§ **Task**: The entire listing below is to be written out exactly, minus the pictures.

§ **Exercise data**:
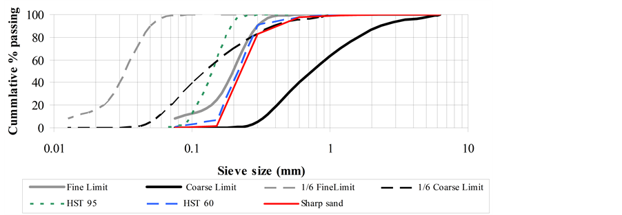 Three types of sand were used in this research. Ordinary building sand was used for tests involving full scale specimens while Congleton HST95 and HST60 silica sands were used for the model scale tests. In order to ensure the same sands were used throughout the study, all the sands were bought in one batch and of sufficient quantity to last the duration of the programme. The grading curves for the model sands and the ordinary building sand are shown in Figure 1, it shows that HST 60 sand and the building sand lie within the grading limits of the code, but nearer the fine limit. The building sand is just coarser than the HST 60 sand. While the other model sand, HST 95, has a grading that is finer than the fine limit set by the code. The grading of all the sands shows that they are within the limits set by BS EN 13139:2002 [5] for aggregates used in mortar.
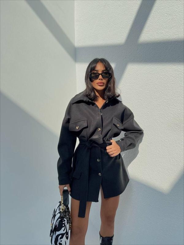 Размер:S(42-44) Цвет:черный Замеры по бирке: грудь-84-88 талия-62-66 бедра-90-94 Модель выполнена из пальтовой ткани, без подкладки, застегивается на пуговицы, с накладными карманами, которые также застегиваются. Рубашка с длинными рукавами, в талии шлевки, благодаря которым фиксируется и держится пояс Дефектов нет Товар новый
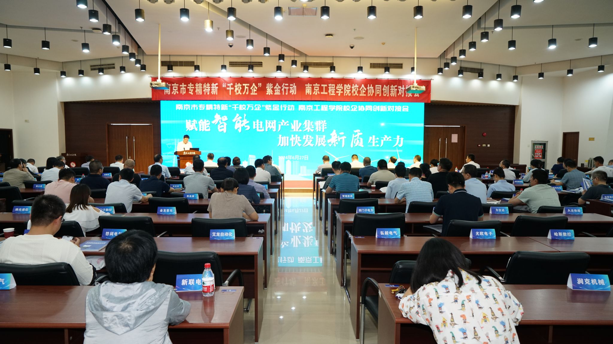 6月27日下午,南京市专精特新“千校万企”紫金行动凯发k8官网校企协同创新对接会在至勤楼·行政中心二楼多功能厅举行。南京市工业和信息化局副局长唐永实,我校党委书记孙爱武,党委副书记、校长张仰飞,党委副书记濮励杰,党委常委、副校长汪群、赵文祥,南瑞继保电气有限公司副总经理朱晓彤,南瑞集团配电公司副总经理杜红卫出席会议。活动第一阶段由濮励杰主持。
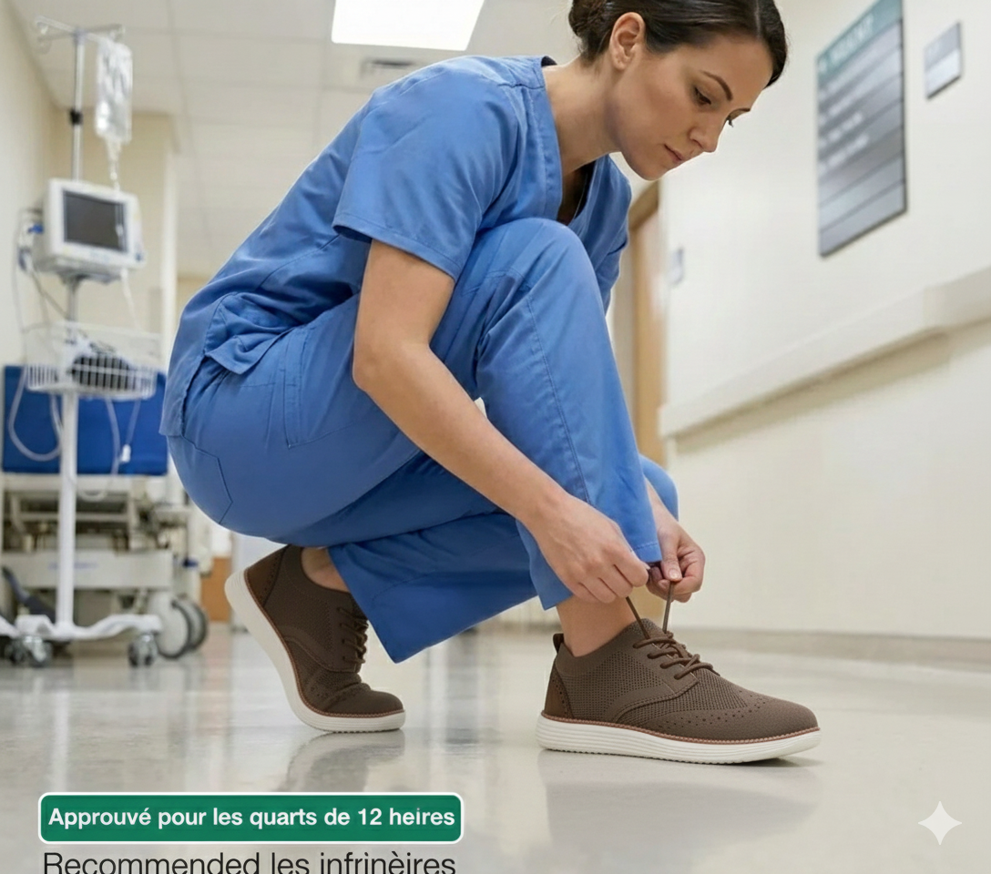 Découvrez un confort optimal grâce à nos chaussures spécialement conçues pour apporter soutien et soulagement, elles ciblent les douleurs aux chevilles, aux genoux et au bas du dos.

§ **Solution to the problem**:
 Three types of sand were used in this research. Ordinary building sand was used for tests involving full scale specimens while Congleton HST95 and HST60 silica sands were used for the model scale tests. In order to ensure the same sands were used throughout the study, all the sands were bought in one batch and of sufficient quantity to last the duration of the programme. The grading curves for the model sands and the ordinary building sand are shown in Figure 1, it shows that HST 60 sand and the building sand lie within the grading limits of the code, but nearer the fine limit. The building sand is just coarser than the HST 60 sand. While the other model sand, HST 95, has a grading that is finer than the fine limit set by the code. The grading of all the sands shows that they are within the limits set by BS EN 13139:2002 [5] for aggregates used in mortar.
 Размер:S(42-44) Цвет:черный Замеры по бирке: грудь-84-88 талия-62-66 бедра-90-94 Модель выполнена из пальтовой ткани, без подкладки, застегивается на пуговицы, с накладными карманами, которые также застегиваются. Рубашка с длинными рукавами, в талии шлевки, благодаря которым фиксируется и держится пояс Дефектов нет Товар новый
 6月27日下午,南京市专精特新“千校万企”紫金行动凯发k8官网校企协同创新对接会在至勤楼·行政中心二楼多功能厅举行。南京市工业和信息化局副局长唐永实,我校党委书记孙爱武,党委副书记、校长张仰飞,党委副书记濮励杰,党委常委、副校长汪群、赵文祥,南瑞继保电气有限公司副总经理朱晓彤,南瑞集团配电公司副总经理杜红卫出席会议。活动第一阶段由濮励杰主持。
 Découvrez un confort optimal grâce à nos chaussures spécialement conçues pour apporter soutien et soulagement, elles ciblent les douleurs aux chevilles, aux genoux et au bas du dos.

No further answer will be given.